G03 had 9-0 and 14-0 wins during group play. That must've been fun to watch.....


----------



## pewpew (Jan 9, 2019)

G02 didn't have any teams getting demolished.
G04 had a 9-1 and a 9-0 game.
G05 shows Utah beating Alaska 10-0.
G06 shows Alaska lose 11-0 WA, 10-1 Hawaii , 10-0 AZ
G07 had 9-0, 9-0, both from WA... 8-0, by Cal-North..7-1 games.
Fun times.....


----------



## toucan (Jan 9, 2019)

I'm not surprised Socal is cleaning up in this tournament.  I was taking a licensure course last month in Northern California, and the team my group worked with for a full day was a mix of the Nor. Cal. ODP girls, aged about 2006-2004.  They were good kids and good players.  But I see lots of G2008 players (including several of my own) in Socal who are already just as good as any of the players on the Nor. Cal. ODP team.  I don't believe the 2006 Nor. Cal team could beat most of Socal's Gold or Flight 1 teams.  I think a lot of our Silver and Flight 2 teams could beat them.

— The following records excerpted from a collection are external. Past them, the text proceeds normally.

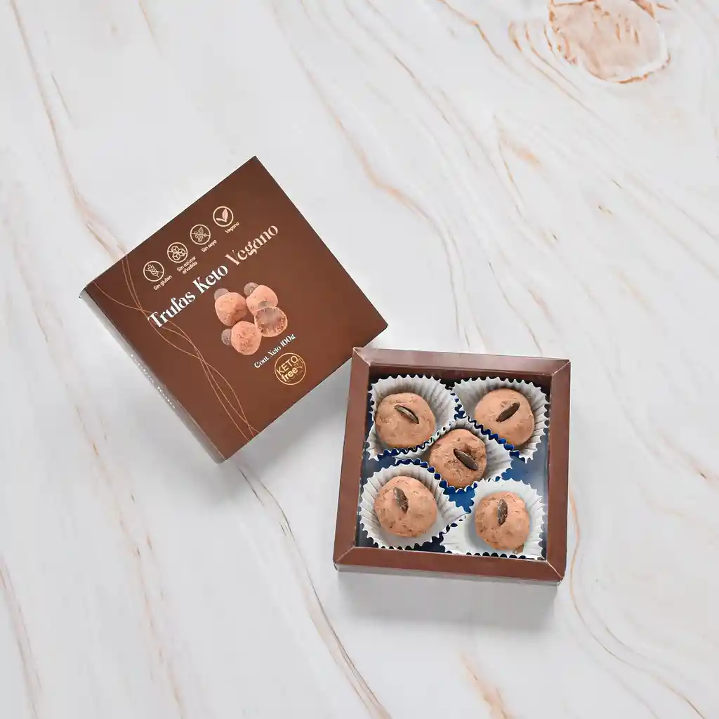 Caja con 5 unidades de trufas keto veganas. con crema de coco y chocolate 85% cacao, endulzadas con alulosa. Sin gluten, sin soya, sin huevo, sin leche, sin azucar. indulgentes, deliciosas y las preferidas de muchos para regalar o autoregalar.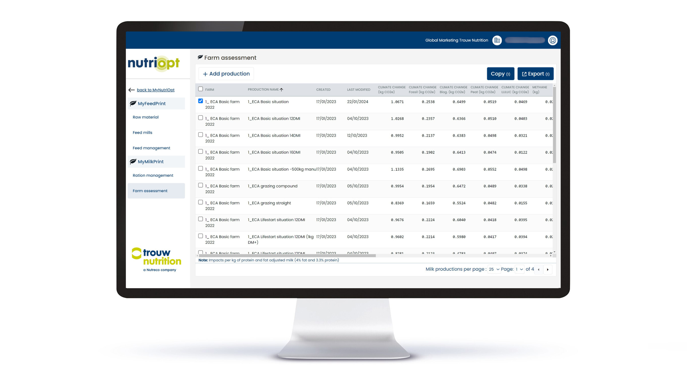 MyMilkPrint is an online life cycle assessment service that allows feed advisors to determine the environmental footprint of their clients' milk production with just a few clicks. Using the wide range of regularly updated data available, advisors can run scenarios and uncover strategies to reduce the environmental footprint of farmers’ dairy production operations. The solution is accessible via the MyNutriOpt platform for simple, one-stop access.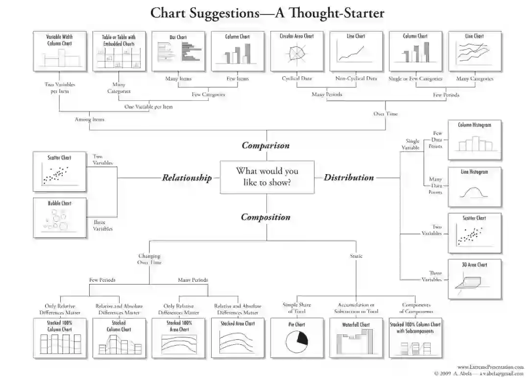 这个网上资料一抓一大把,选择图表前,其实更多的是要想清楚你的数据想传达的目的。数据分析纷纷咋咋,总结起来,不外乎4个目的:对比、聚焦、归纳、演绎。基于这些初始目的出发,我们再选择实例化它。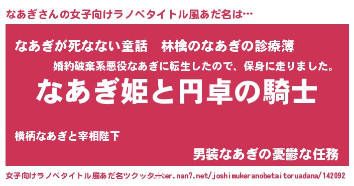 | 男性向けラノベタイトル風あだ名 | 『なあぎの憂鬱』『魔弾の王となあぎ』 |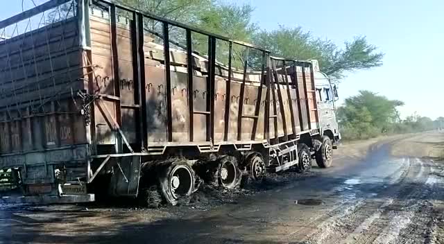 हटा/-गैसाबाद गांव के समीप ,चलते ट्रक में अचानक तेज धमाका से आग लगी, सुबह करीबन 6 बजे की घटना,चालक बाल बाल बचा ।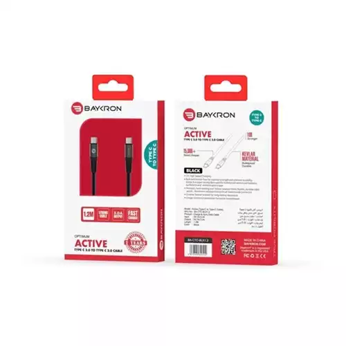 The Baykron Type C to Type C 1.2M 3A Cable is a high-quality charging cable designed for efficiency and durability. It supports 3A High Speed Charging, ensuring your devices are powered up quickly. The cable is 1.2 meters long, making it versatile for use in various settings. One of its standout features is its construction with Kevlar fiber, a material known for its superior strength and durability, used in bulletproof vests, crash helmets, surfboards, and extreme sports gear. This ensures that the cable can withstand heavy use without compromising its performance. The cable is encased in a premium, hardwearing, and fishnet braided jacket that is flexible and durable. The aluminum casing protects the circuit board inside the connector, further enhancing its durability. The cable also features a longer connector for better bend lifespan, able to withstand over 15000 bends. It comes in a sleek black color, adding a touch of elegance to its robust design.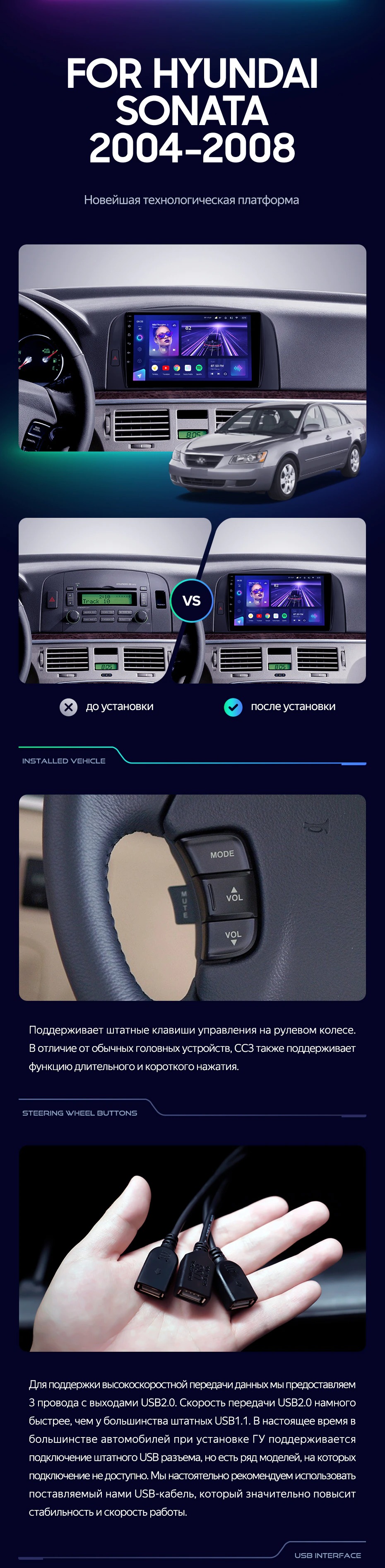 Штатная магнитола Teyes CC3 2K 6/128 Hyundai Sonata NF (2004-2008) - купить всего за 45 700 руб. в интернет-магазине в Тамбове Teyes.com.ru. ✓ Самый лучший выбор мультимедиа ✓ Лучшая замена штатному ГУ ✓ Тел. +7 (800) 775-31-74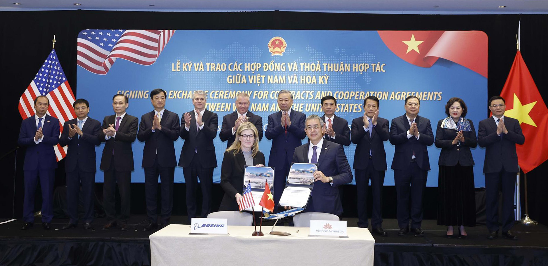 Вечером 18 февраля по местному времени в Вашингтоне вьетнамские и американские партнеры подписали и обменялись контрактами и соглашениями о сотрудничестве в ключевых областях на общую сумму 37,2 млрд долларов. На мероприятии присутствовал генеральный секретарь ЦК КПВ То Лам и высокопоставленные руководители двух стран.

It was also State Cup weekend, and I was on the USSF fields in Morgan Hill, so I got to see a few State Cup games for the youngers.  The fields they played on were so small I actually walked them to get their measure: 33 yds. X 48 yds.  How do you play a soccer game on a field that small?  It was nothing but kickball and throw-ins.  If these are the size fields they are working with as G2008s (the age group I watched), then it is no wonder to me why even their ODP 2006s have difficulty stringing passes together.


----------



## MrXor (Jan 9, 2019)

toucan said:


> I'm not surprised Socal is cleaning up in this tournament.  I was taking a licensure course last month in Northern California, and the team my group worked with for a full day was a mix of the Nor. Cal. ODP girls, aged about 2006-2004.  They were good kids and good players.  But I see lots of G2008 players (including several of my own) in Socal who are already just as good as any of the players on the Nor. Cal. ODP team.  I don't believe the 2006 Nor. Cal team could beat most of Socal's Gold or Flight 1 teams.  I think a lot of our Silver and Flight 2 teams could beat them.
> 
> It was also State Cup weekend, and I was on the USSF fields in Morgan Hill, so I got to see a few State Cup games for the youngers.  The fields they played on were so small I actually walked them to get their measure: 33 yds. X 48 yds.  How do you play a soccer game on a field that small?  It was nothing but kickball and throw-ins.  If these are the size fields they are working with as G2008s (the age group I watched), then it is no wonder to me why even their ODP 2006s have difficulty stringing passes together.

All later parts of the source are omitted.